Let's raise $k$ to 3.

In [None]:
knn3 = KNeighborsClassifier(n_neighbors=3)

In [None]:
knn3.fit(X_for_viz, y_for_viz)
knn3.predict(new_x)

It's not easy to tell what which points are closest by eye.

Let's update our plot to add indices.

In [None]:
X_for_viz = X_t.sample(15, random_state=40)
y_for_viz = y_t[X_for_viz.index]

fig, ax = plt.subplots(figsize=(10,10))
sns.scatterplot(x=X_for_viz['Age'], y=X_for_viz['Fare'], hue=y_for_viz, 
                palette={0: 'red', 1: 'green'}, s=200, ax=ax)


# Now let's take another sample

# new_x = X_val.sample(1, random_state=33)
new_x = pd.DataFrame(X_val.loc[484]).T
new_x.columns = ['Age', 'Fare']
new_y = y_val[new_x.index]

print(new_x)
sns.scatterplot(x=new_x['Age'], y=new_x['Fare'], color='blue', 
                s=200, ax=ax, label='New', marker='P')
ax.set_xlim(0, 100)
ax.set_ylim(0, 100)
plt.legend()

#################^^^Old code^^^##############
####################New code#################

# add annotations one by one with a loop
for index in X_for_viz.index:
    ax.text(X_for_viz.Age[index]+0.7, X_for_viz.Fare[index],
            s=index, horizontalalignment='left', size='medium',
            color='black', weight='semibold')
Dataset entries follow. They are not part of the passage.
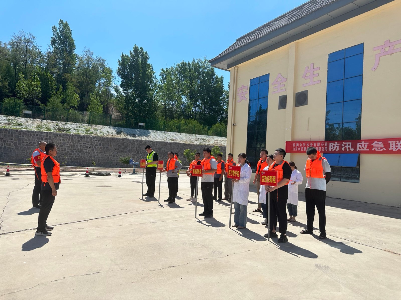 為切實提高應(yīng)急工作處置能力,在汛期到來之前做好防洪防汛預(yù)警,確保人身及設(shè)備的安全,6月27日,按照《臨朐眾興2024年“安全生產(chǎn)月”活動實施方案》,臨朐眾興水務(wù)與惠源水務(wù)開展防汛實戰(zhàn)演練,兩公司應(yīng)急救援指揮部及生產(chǎn)運行一線員工20余人參加應(yīng)急演練。
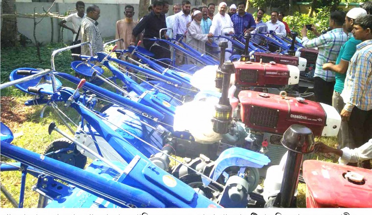 শাহজাদপুর প্রতিনিধিঃ গতকাল মঙ্গলবার শাহজাদপুরে সমন্বিত কৃষি উন্নয়নের মাধ্যমে পুষ্টি ও খাদ্য নিরাপত্তা নিশ্চতকরণ প্রকল্পের আওতায় দরিদ্র ও প্রান্তিক কৃষকদের মাঝে ১৪টি পাওয়ার টিলার বিতরণ করা হয়। অনুষ্ঠানে প্রধান অতিথি হিসাবে উপস্থিত ছিলেন, স্থানীয় সংসদ সদস্য আলহাজ্ব মোঃ হাসিবুর রহমান স্বপন । বিশেষ অতিথি হিসাবে উপস্থিত ছিলেন, উপজেলা চেয়ারম্যান প্রফেসর আজাদ রহমান, উপজেলা নির্বাহী অফিসার শামীম আহমেদ, উপজেলা ভাইস চেয়ারম্যা মুস্তাক আহমেদ প্রমূখ । উপজেলা কৃষি বিভাগ থেকে পৌরসভা সহ ১৩টি ইউনিয়নের কৃষকদের গ্রূপের মধ্যে- চলমান কৃষি যন্ত্রপাতি বিতরনের অংশ হিসাবে ভাড়ায় ১৪টি পাওয়ার টিলার বিতরণ করা হয়। এ দিন পাওয়ার টিলার বিতরনের পর প্রধান অতিথি কৃষি প্রণোদনার আওতায় ৭০০ জন কৃষককে গম বীজ এবং ৩০ জন কৃষককে ভূট্টা বীজ ও সার বিতরণ করা হয়। শাহজাদপুর কৃষি বিভাগ সূত্রে জানা গেছে, সুবিধা ভোগী কৃষকদের নিয়ে কমিটি করে এ সব পাওয়ার টিলার জমি চাষের জন্য ভাড়া দেয়া হবে। অনুষ্ঠানে সভাপতিত্ব করেন কৃষিবিদ উপজেলা কৃষিকর্মকর্তা মোঃ মনজু আলম সরকার ।
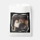 Black and white modern abstract photo template thank you for celebrating with us favor bags. Prety goodie bag you can stuff with candy and favors for your wedding guests at the reception.
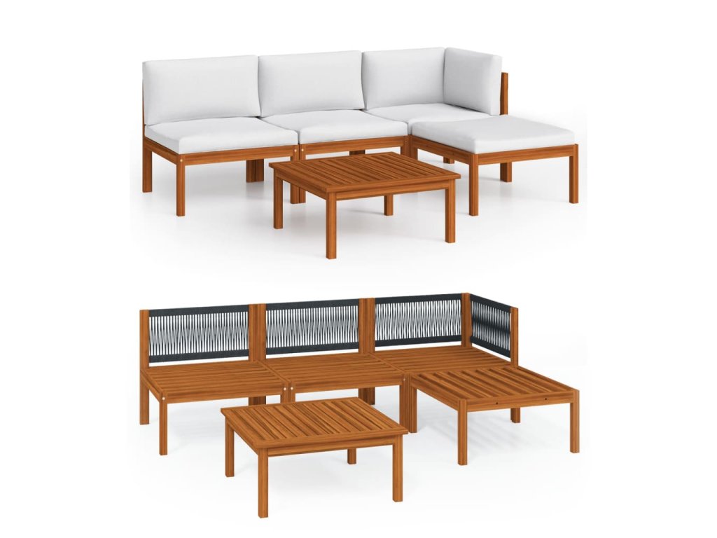 5dílná zahradní sedací souprava s polštáři krémové dřevo akácie a provaz 3057878
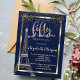 Gold Frame,Eiffel Tower Blue 50th Birthday Party Invitation
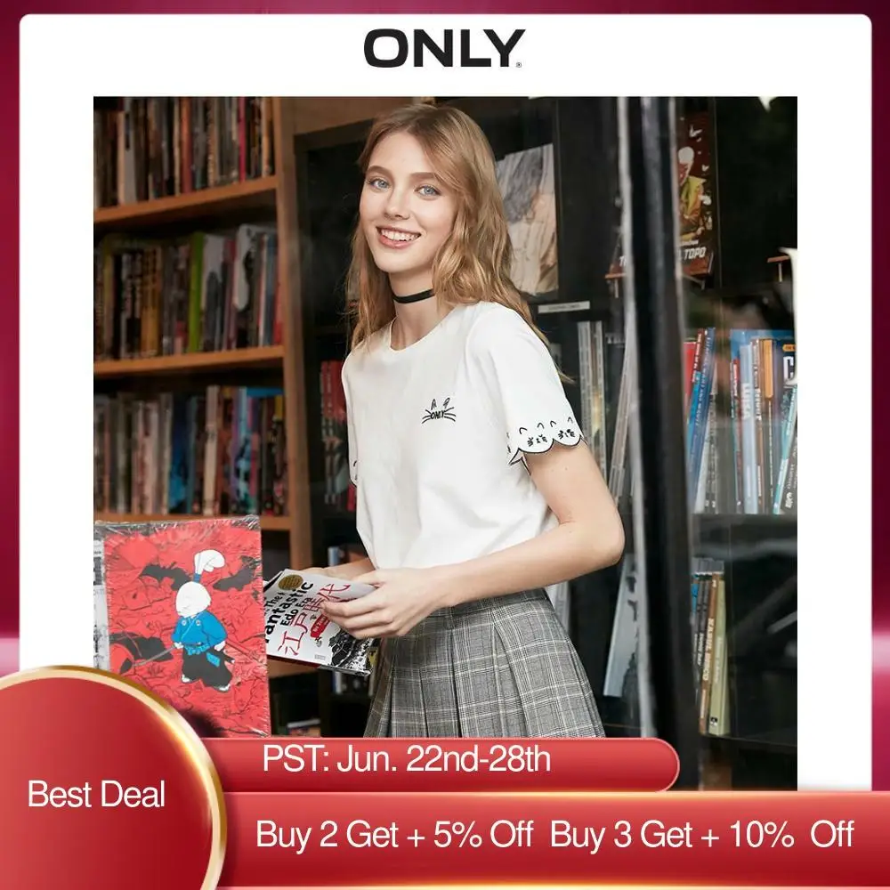 Только Женская хлопковая футболка с короткими рукавами с круглым вырезом и вышивкой кота | 120101592
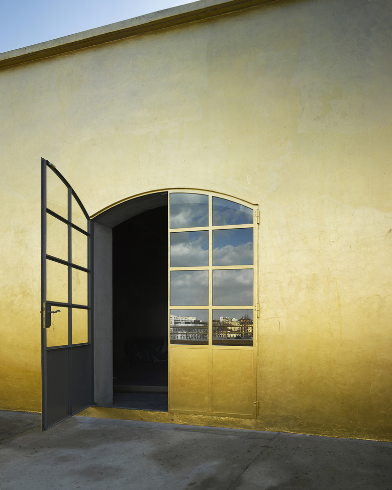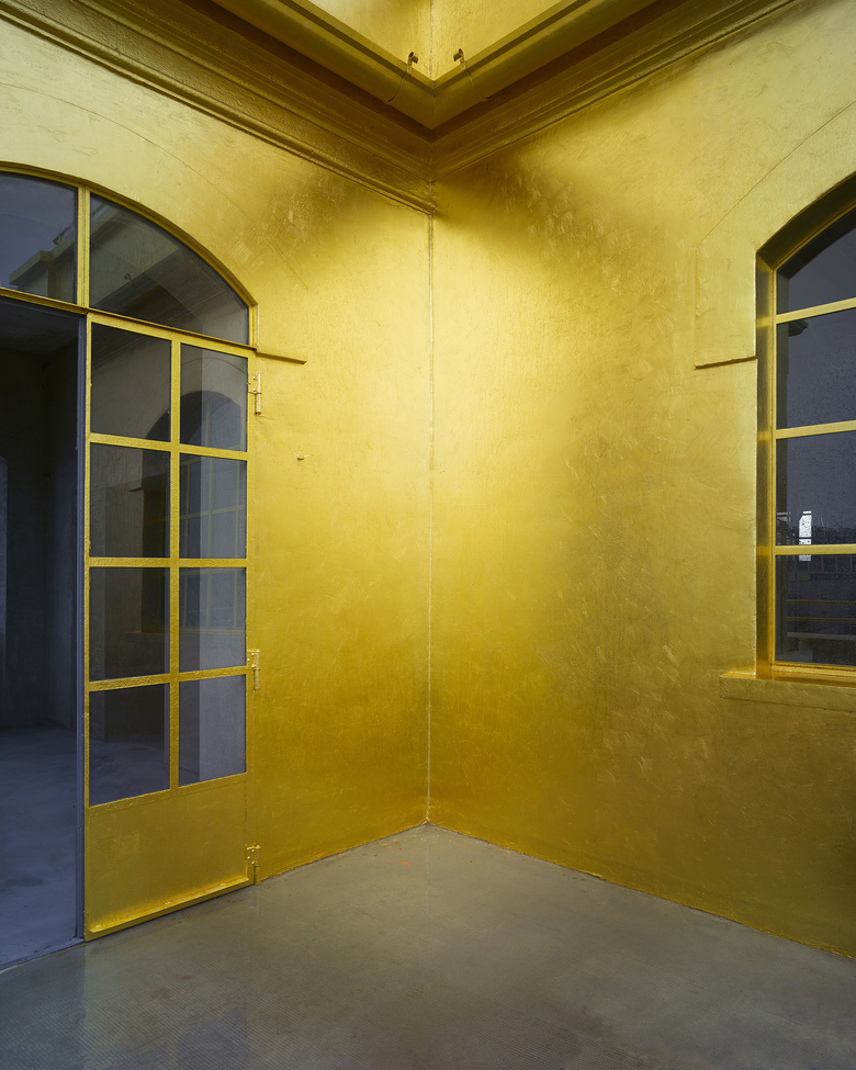 Four 'houses' that face the courtyard to the north and an abandoned garden to the south accommodate Fondazione offices and permanent galleries. Within their confines sits the ‘Haunted House’, an existing building with its exterior covered entirely in gold leaf. Inside, the intimate scale of its interiors generates a ‘domestic’ setting for specific works.
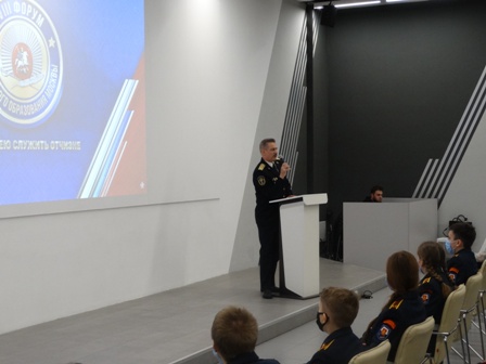 Мероприятие началось с торжественной части в павильоне «Умный город», где наши кадеты в дружественной обстановке смогли пообщаться с Героем Российской Федерации, ветераном Управления «В» Центра специального назначения ФСБ России, полковником Сергеем Шавриным. Далее ребята посетили выставочный павильон «Россия — моя история», где опытный экскурсовод познакомил кадет с выставочными помещениями павильона. После образовательной программы в павильонах все участники собрались на катке. Вместе с кадетами на лед вышли столичные спортсмены и директора московских школ. Для ребят прошел мастер-класс по фигурному катанию, который провел Александр Волобуев, мастер спорта по фигурному катанию, призер финала кубка России, победитель чемпионата вооруженных сил страны. В финале форума на стенах павильона «Центральный» было показано световое шоу.

We can use `sklearn`'s NearestNeighors object to see the exact calculations.

In [None]:
df_for_viz = pd.merge(X_for_viz, y_for_viz, left_index=True, right_index=True)
neighbor = NearestNeighbors(n_neighbors=3)
neighbor.fit(X_for_viz)
nearest = neighbor.kneighbors(new_x)

nearest

In [None]:
df_for_viz.iloc[nearest[1][0]]

In [None]:
new_x

In [None]:
# Use Euclidean distance to see how close they are to this point
print(((29-24)**2 + (33-25.4667)**2)**0.5)
print(((26-24)**2 + (16.1-25.4667)**2)**0.5)
print(((20-24)**2 + (15.7417-25.4667)**2)**0.5)

### $k=5$

And with five neighbors?

In [None]:
knn = KNeighborsClassifier(n_neighbors=5)
knn.fit(X_for_viz, y_for_viz)
knn.predict(new_x)

### Observing Different $k$ Values

Let's iterate through $k$, odd numbers 1 through 10, and see the predictions.

In [None]:
for k in range(1, 10, 2):
    knn = KNeighborsClassifier(n_neighbors=k)
    knn.fit(X_for_viz, y_for_viz)
    print(f'k={k}', knn.predict(new_x))

Which models were correct?

In [None]:
new_y

## Scaling

You may have suspected that we were leaving something out. For any distance-based algorithms, scaling is very important. Look at how the shape of the array changes before and after scaling.

![non-normal](images/nonnormal.png)

![normal](images/normalized.png)

Let's look at our data_for_viz dataset:

In [None]:
X_train, X_test, y_train, y_test = train_test_split(X, y,
                                                    random_state=42,
                                                    test_size=0.25)
X_t, X_val, y_t, y_val = train_test_split(X_train, y_train,
                                          random_state=42,
                                          test_size=0.25)

knn = KNeighborsClassifier(n_neighbors=5)

ss = StandardScaler()
X_ind = X_t.index
X_col = X_t.columns

X_t_s = pd.DataFrame(ss.fit_transform(X_t))
X_t_s.index = X_ind
X_t_s.columns = X_col

X_v_ind = X_val.index
X_val_s = pd.DataFrame(ss.transform(X_val))
X_val_s.index = X_v_ind
X_val_s.columns = X_col

knn.fit(X_t_s, y_t)
print(f"training accuracy: {knn.score(X_t_s, y_t)}")
print(f"Val accuracy: {knn.score(X_val_s, y_val)}")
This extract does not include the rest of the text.